O autor da matéria, deputado Enivaldo dos Anjos (PSD), defende mais clareza para auxiliar na decisão de compra dos consumidores. “Como estes produtos não têm grande espaço na legislação brasileira, é preciso dar condições ao cidadão capixaba de poder fazer uma compra a partir das informações prévias sobre esta mercadoria”, justifica.

Penalidade

O texto diz que os estabelecimentos que comercializam produtos naturais, orgânicos e veganos deverão afixar cartazes em locais visíveis contendo o disposto na norma. Se virar lei, o PL prevê  multa de 500 Valores de Referência do Tesouro Estadual (VRTEs) aos estabelecimentos que não cumprirem o disposto, o equivalente a cerca de R$1.750. Valor que pode dobrar em caso de reincidência.

Natural, vegano e orgânico

De acordo com o  Ministério da Agricultura, Pecuária e Abastecimento (MAPA),  o produto é considerado natural quando não há na sua composição ingredientes prejudiciais à saúde ou algum tipo de aditivo químico.
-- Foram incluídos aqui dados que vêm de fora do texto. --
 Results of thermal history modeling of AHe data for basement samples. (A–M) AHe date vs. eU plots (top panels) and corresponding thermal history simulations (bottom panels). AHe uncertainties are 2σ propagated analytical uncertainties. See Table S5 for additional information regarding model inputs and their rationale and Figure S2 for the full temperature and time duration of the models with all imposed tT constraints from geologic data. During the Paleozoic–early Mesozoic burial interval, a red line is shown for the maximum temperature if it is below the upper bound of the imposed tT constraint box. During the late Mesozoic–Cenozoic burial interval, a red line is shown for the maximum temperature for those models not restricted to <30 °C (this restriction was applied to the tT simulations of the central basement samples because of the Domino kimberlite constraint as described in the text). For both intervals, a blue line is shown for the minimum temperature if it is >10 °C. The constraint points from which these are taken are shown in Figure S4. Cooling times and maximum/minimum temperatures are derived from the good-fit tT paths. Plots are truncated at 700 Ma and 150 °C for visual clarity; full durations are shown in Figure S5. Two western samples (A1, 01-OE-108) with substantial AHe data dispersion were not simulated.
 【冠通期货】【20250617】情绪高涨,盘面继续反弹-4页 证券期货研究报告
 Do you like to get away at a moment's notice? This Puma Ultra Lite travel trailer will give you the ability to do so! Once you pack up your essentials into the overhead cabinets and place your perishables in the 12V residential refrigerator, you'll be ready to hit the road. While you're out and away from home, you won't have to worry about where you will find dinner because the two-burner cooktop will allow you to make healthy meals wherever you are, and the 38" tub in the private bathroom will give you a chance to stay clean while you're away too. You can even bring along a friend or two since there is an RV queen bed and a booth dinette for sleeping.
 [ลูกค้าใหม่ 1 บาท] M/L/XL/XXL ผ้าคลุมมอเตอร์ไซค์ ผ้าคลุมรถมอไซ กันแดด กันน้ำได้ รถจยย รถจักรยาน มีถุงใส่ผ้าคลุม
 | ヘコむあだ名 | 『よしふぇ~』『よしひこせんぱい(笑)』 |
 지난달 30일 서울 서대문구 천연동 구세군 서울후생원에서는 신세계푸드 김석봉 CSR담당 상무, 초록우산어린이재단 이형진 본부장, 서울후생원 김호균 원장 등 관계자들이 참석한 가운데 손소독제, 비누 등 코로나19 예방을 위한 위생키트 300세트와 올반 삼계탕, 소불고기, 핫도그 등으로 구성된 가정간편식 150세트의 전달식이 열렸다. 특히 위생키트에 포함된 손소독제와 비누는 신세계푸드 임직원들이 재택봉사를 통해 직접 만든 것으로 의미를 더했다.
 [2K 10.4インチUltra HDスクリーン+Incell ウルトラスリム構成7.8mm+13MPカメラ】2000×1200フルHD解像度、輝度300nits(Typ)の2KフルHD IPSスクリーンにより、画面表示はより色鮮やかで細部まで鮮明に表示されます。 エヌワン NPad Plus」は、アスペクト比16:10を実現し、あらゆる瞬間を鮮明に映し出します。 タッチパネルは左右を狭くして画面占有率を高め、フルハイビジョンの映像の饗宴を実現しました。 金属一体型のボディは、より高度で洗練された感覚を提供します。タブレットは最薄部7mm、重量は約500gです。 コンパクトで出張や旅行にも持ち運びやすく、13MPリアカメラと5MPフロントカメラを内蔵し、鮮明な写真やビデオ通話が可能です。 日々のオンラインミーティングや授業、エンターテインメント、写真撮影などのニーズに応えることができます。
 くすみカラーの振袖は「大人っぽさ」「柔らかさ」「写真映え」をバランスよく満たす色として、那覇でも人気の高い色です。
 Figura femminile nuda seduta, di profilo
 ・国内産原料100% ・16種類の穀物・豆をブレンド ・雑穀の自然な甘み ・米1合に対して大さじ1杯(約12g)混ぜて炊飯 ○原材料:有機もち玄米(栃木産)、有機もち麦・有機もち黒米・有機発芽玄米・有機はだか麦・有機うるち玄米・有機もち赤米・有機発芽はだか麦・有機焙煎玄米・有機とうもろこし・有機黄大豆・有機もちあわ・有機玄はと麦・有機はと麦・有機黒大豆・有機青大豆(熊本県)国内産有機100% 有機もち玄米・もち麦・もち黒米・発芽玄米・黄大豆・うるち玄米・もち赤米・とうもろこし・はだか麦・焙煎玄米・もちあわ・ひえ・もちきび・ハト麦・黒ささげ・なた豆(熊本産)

Já o selo orgânico, é conferido ao artigo que, além de natural, é cultivado sem o uso de agrotóxico. Os veganos são os produtos feitos sem matéria-prima de origem animal ou testes em bichos, podendo ter em sua composição ingredientes sintéticos.

Os órgãos fiscalizadores são o Instituto Nacional de Metrologia, Qualidade e Tecnologia (Inmetro), além de agências terceirizadas que ajudam na certificação e são  fiscalizadas pelo MAPA.